Our first introduction to the Alves family is when Elena Alves volunteers to help the Reardon mothers plan an auction event celebrating diversity at the school. Shortly after, Elena is immediately judged by the other women when they discover her son, Miguel, was admitted into Reardon with a scholarship, rather than paying for the full tuition. This judgment sets the unfortunate tone for the way the Alves family would be treated the rest of the show’s run. Not only are Elena and her husband, Fernando, significantly younger than the other parents, they are also working-class people in a community of people born into affluence.

Soon after her gruesome murder, Elena is quickly vilified by the gossiping mothers of Reardon, who discuss her character prior to her death. This only worsens in Episode 2 when it is revealed that Jonathan pulled strings to have Miguel selected for a scholarship as a way to keep Elena quiet about their affair. Once this comes to light, many are quick to slander Elena’s character and accuse her husband of committing the murder in a fit of jealous rage.

Throughout the show, the Alves family is continually disrespected despite the horrendous situation they are in. In Episode 2 it is quickly discovered that Fernando has a solid alibi for the time of his wife’s murder, but Grace is still adamant in her belief that he was the perpetrator. When Fernando grows tired of her accusations and confronts her, she immediately tries to report him to the detectives even though she herself was the one in the wrong.

A Hidden Narrative

If you were to examine the story on paper, you would immediately think all of the sympathy would be granted to Elena and the Alves family. After all, they are an underdog family that is dealt a horrendously painful loss and subsequently made to face an immense amount of scrutiny. However, “The Undoing” limits us to Grace’s perspective rather than the true victims of the story. On one hand, yes, Grace is a victim in the context of her marriage. Her husband was both unfaithful to her and may have committed murder — but that cannot overshadow the loss that the Alves family is suffering.

The direction and narrative focus of “The Undoing” lets it speak volumes for how privilege runs rampant in situations similar to the show’s plot.

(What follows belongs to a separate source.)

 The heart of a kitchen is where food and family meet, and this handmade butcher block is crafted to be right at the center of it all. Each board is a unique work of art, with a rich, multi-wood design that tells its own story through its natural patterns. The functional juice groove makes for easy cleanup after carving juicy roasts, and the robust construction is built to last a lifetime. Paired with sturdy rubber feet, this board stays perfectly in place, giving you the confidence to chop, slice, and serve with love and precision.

The series is without a doubt another fascinating watch from the brilliant writers at HBO, but there is much that could have been improved if it wished to address privilege, status and judgment in affluent communities. “The Undoing” is supposedly the story of Elena Alves and her tragic demise, but the show reduces her character to stereotypes of Latinas and women of color in the media.

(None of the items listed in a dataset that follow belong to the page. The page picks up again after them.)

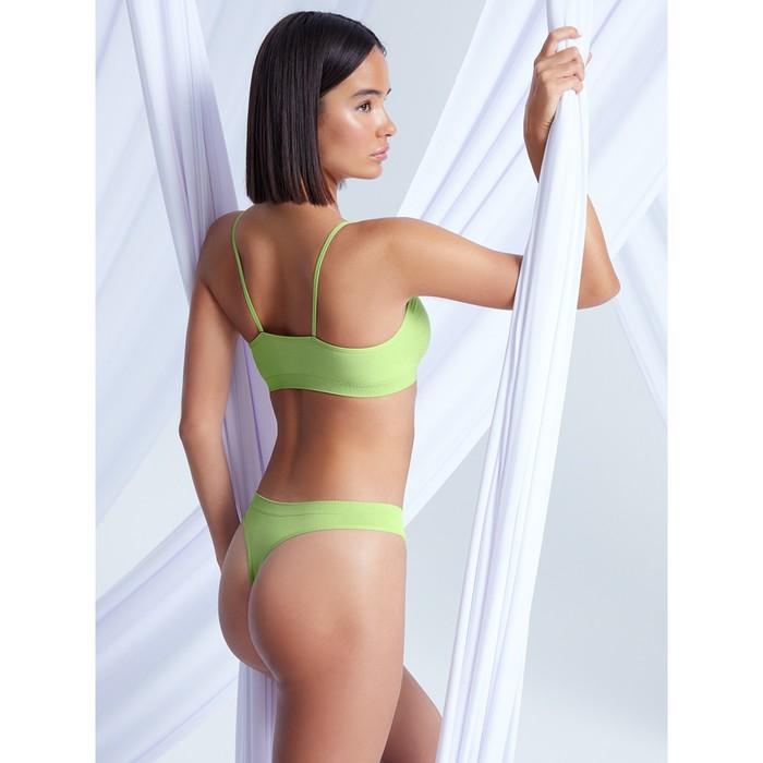 The female top minimi on thin straps is made of microfiber, which has a smooth texture, pleasantly feels on the body, perfectly passes air, absorbs moisture, preserves the shape and color.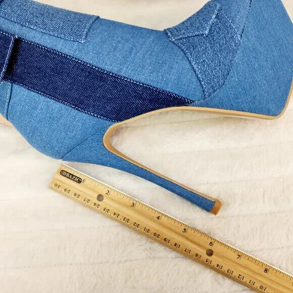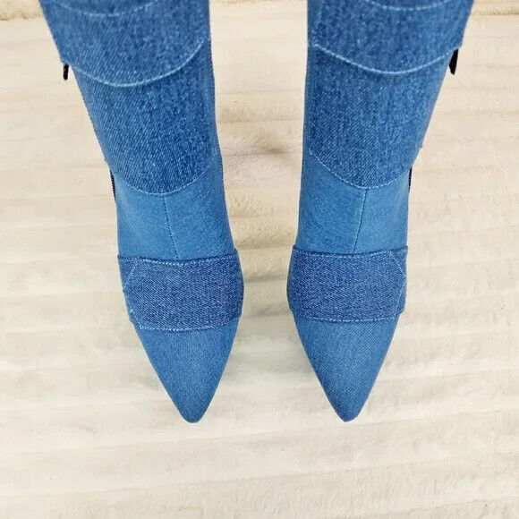 Kinder Pointy Toe Platform Stiletto Heel Ankle Boots Denim Patchwork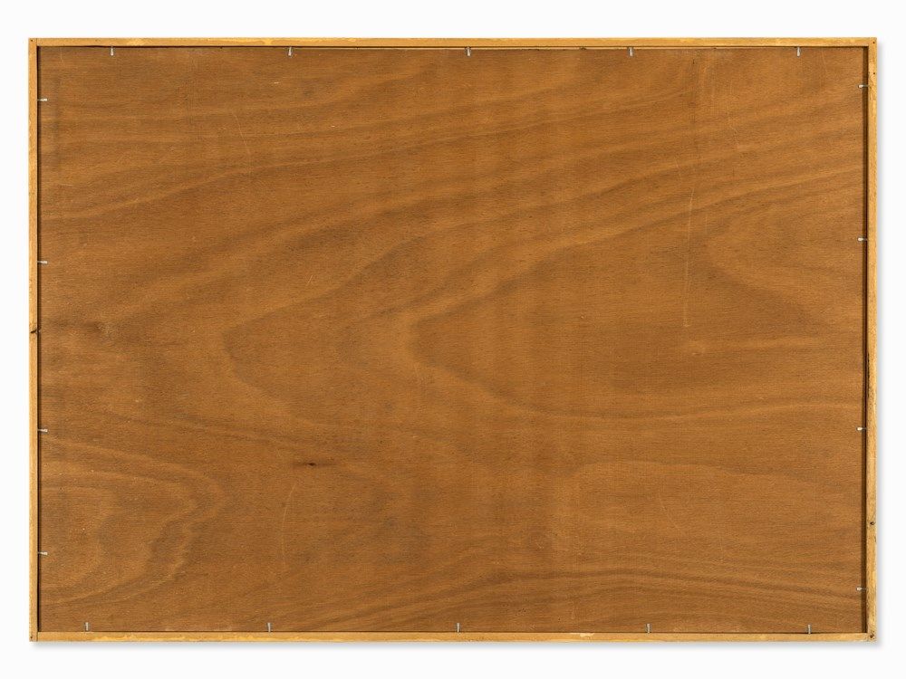 The sculpture is in good condition and comes mounted in a wooden frame. Soft crease marks upper left and staining on the left edge as well as above the butterfly can be seen. The work has a total dimension in the frame of 73 x 103 x 5 cm.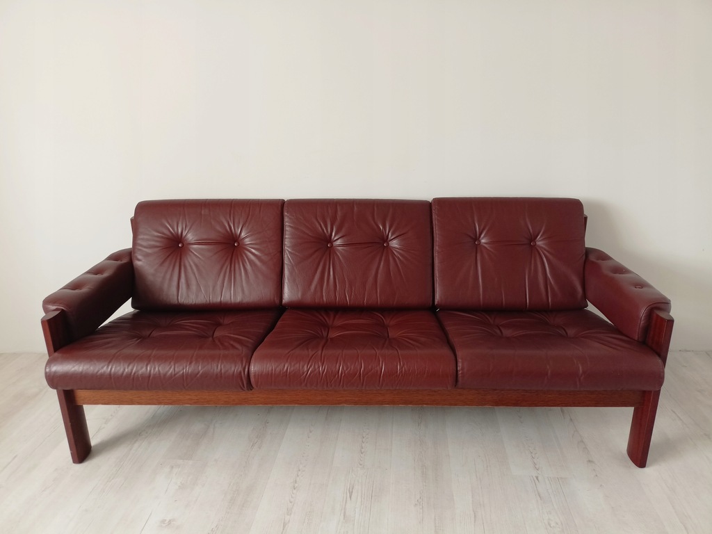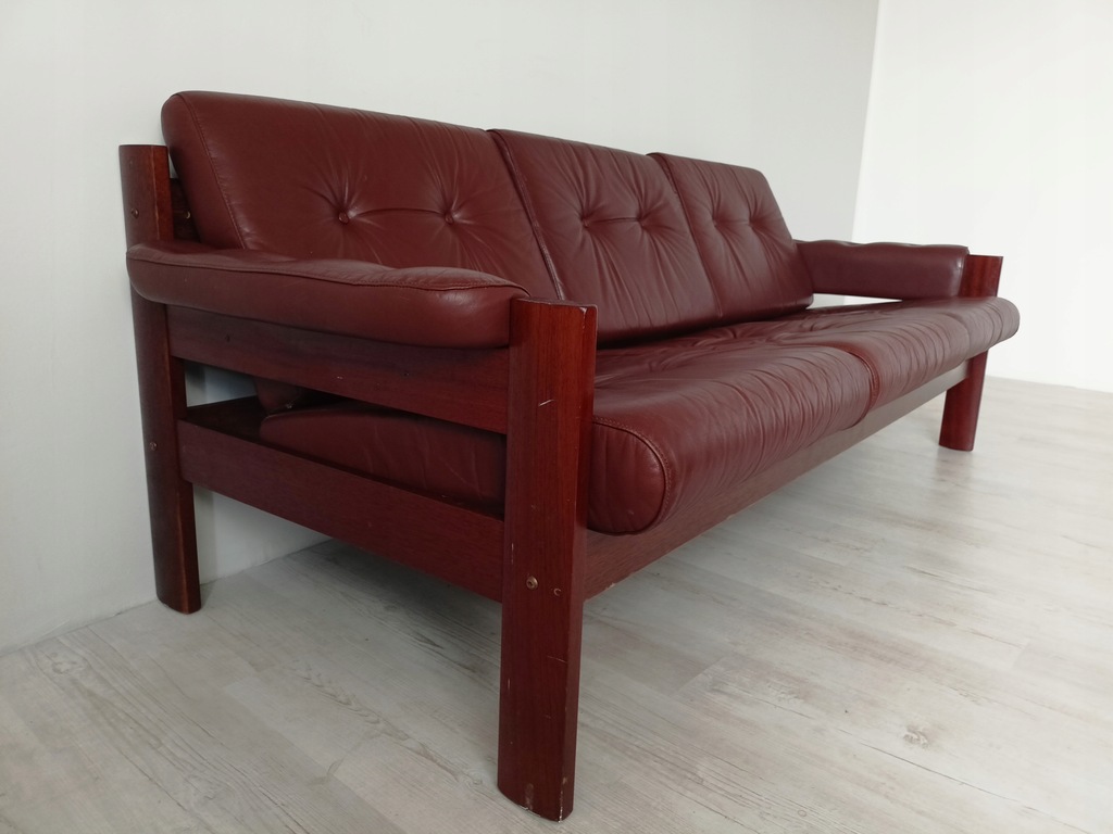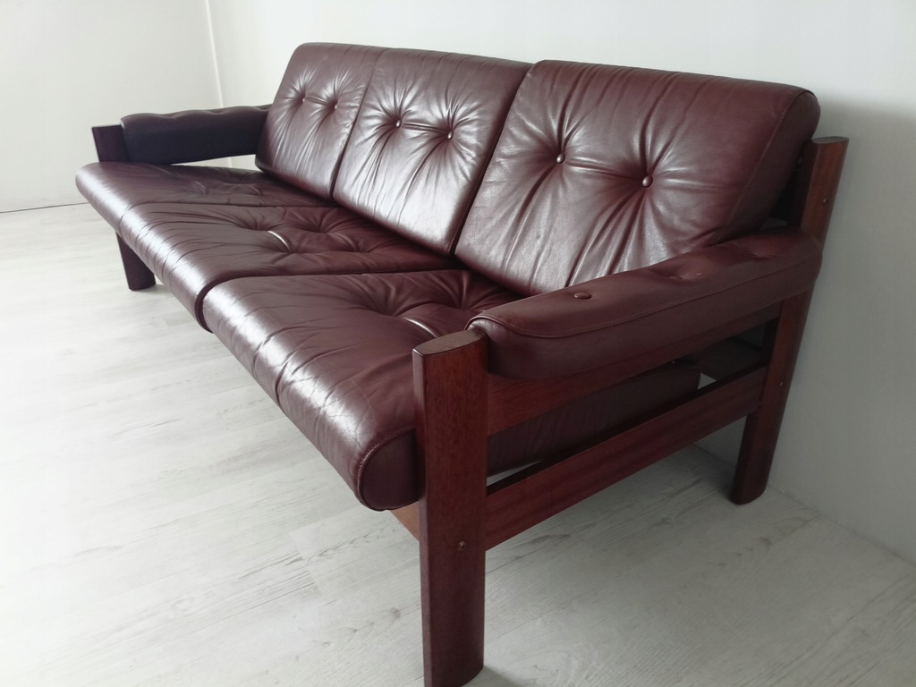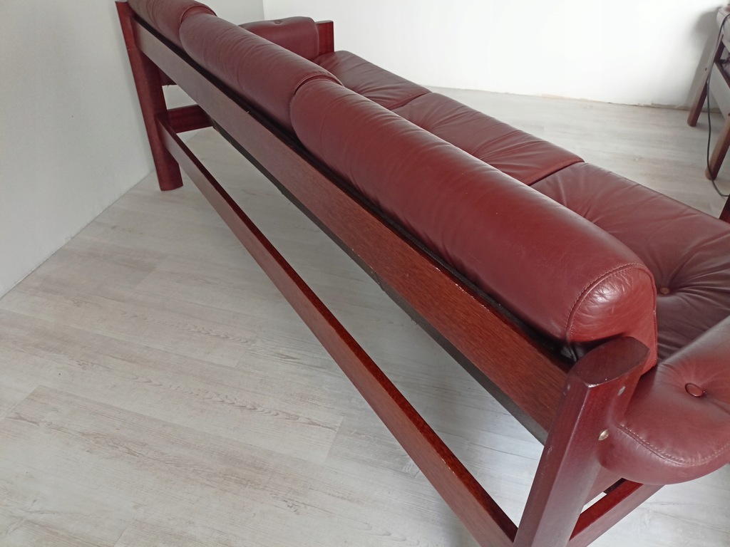 Rama wykonana z litego drewna tekowego, tapicerka jest skóry naturalnej.

After the first episode, we only see Elena in brief scenes that are either her body or her death. Fernando Alves is limited to the role of a brooding, stoic man instead of a grieving husband left to care for his family alone. It felt as though Elena and her family took side stage in a story about their own tragedy — something all too familiar when you consider how POC are treated in real-life criminal investigations and legal proceedings.

It goes without saying that “The Undoing” was an entertaining watch. I’m someone who loves a good nail-biter court drama with characters dressed to the nines. Seeing these classic HBO elements intertwined with such morally ambiguous themes and characters was a foreign, but welcome, twist from David E. Kelley. I sincerely hope “The Undoing” serves as a catalyst for more stories that highlight how detrimental unspoken privilege can be in the midst of already tragic circumstances.